++++ Provided material

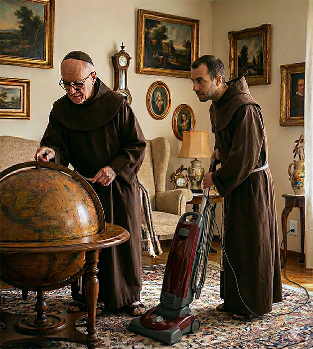W każdym klasztorze jest tzw. salka rekreacyjna - coś w rodzaju salonu. Tam bracia spotykają się na kawie, na pogaduszkach, na grach planszowych itp. Jeśli w tej salce jest też telewizor (a zazwyczaj jest), to też na wspólnym oglądaniu tego, co akurat się napatoczy. Wtedy wiadomo - kto ma pilot, ten ma władzę.
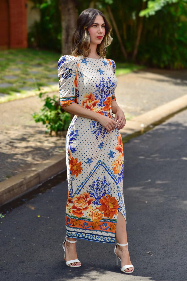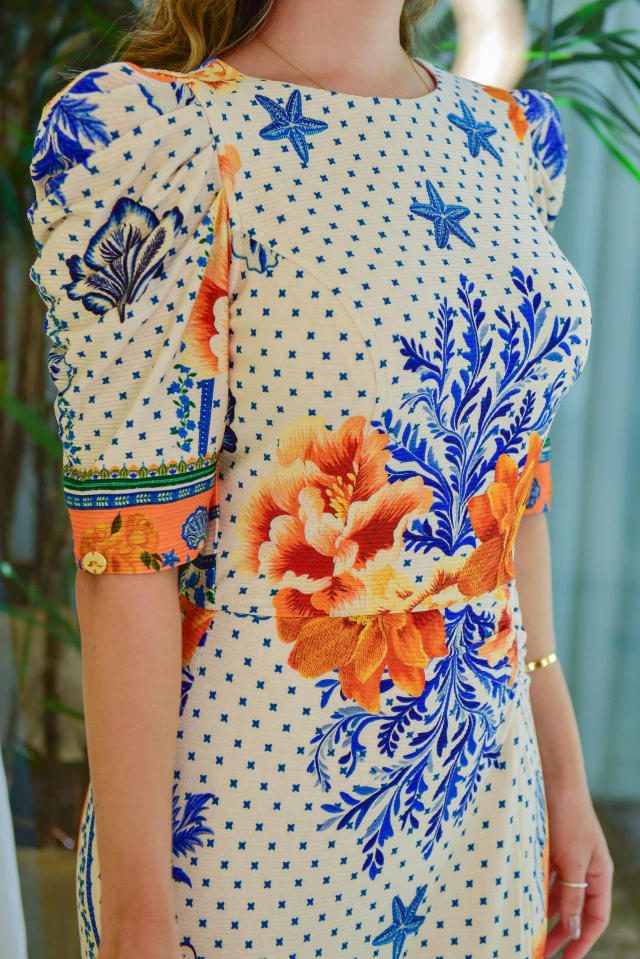 Os tubinhos são peças clássicas que podem ser usadas no dia a dia ou em produções mais elaboradas! Aquela peça que valoriza a silhueta de forma elegante e confortável, valorizando a cintura e o quadril de modo sutil. Um modelo bem fresco, cheio de delicadeza para você se apaixonar à primeira vista de tão lindo! O Vestido Tubinho Estrela do Mar é todo confeccionado em fibra natural e possui: forro, decote canoa, corpinho estruturado, manga 3/4 com suaves preguinhas na altura do ombro, punho com estampa localizada, saia com detalhe de drapeado na lateral {frente}, barrado com leve fenda {com estampa localizada} e zíper atrás.
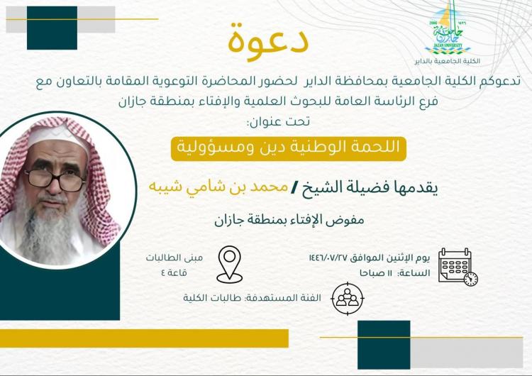 زيارة مفوض الإفتاء بجازان فضيلة الشيخ/ محمد بن شامي شيبة للكلية الجامعية بالدائر

++++++++

## Task goal:
Before you return the listing exactly, strip out its pictures.

## Written reply:
W każdym klasztorze jest tzw. salka rekreacyjna - coś w rodzaju salonu. Tam bracia spotykają się na kawie, na pogaduszkach, na grach planszowych itp. Jeśli w tej salce jest też telewizor (a zazwyczaj jest), to też na wspólnym oglądaniu tego, co akurat się napatoczy. Wtedy wiadomo - kto ma pilot, ten ma władzę.
 Os tubinhos são peças clássicas que podem ser usadas no dia a dia ou em produções mais elaboradas! Aquela peça que valoriza a silhueta de forma elegante e confortável, valorizando a cintura e o quadril de modo sutil. Um modelo bem fresco, cheio de delicadeza para você se apaixonar à primeira vista de tão lindo! O Vestido Tubinho Estrela do Mar é todo confeccionado em fibra natural e possui: forro, decote canoa, corpinho estruturado, manga 3/4 com suaves preguinhas na altura do ombro, punho com estampa localizada, saia com detalhe de drapeado na lateral {frente}, barrado com leve fenda {com estampa localizada} e zíper atrás.
 زيارة مفوض الإفتاء بجازان فضيلة الشيخ/ محمد بن شامي شيبة للكلية الجامعية بالدائر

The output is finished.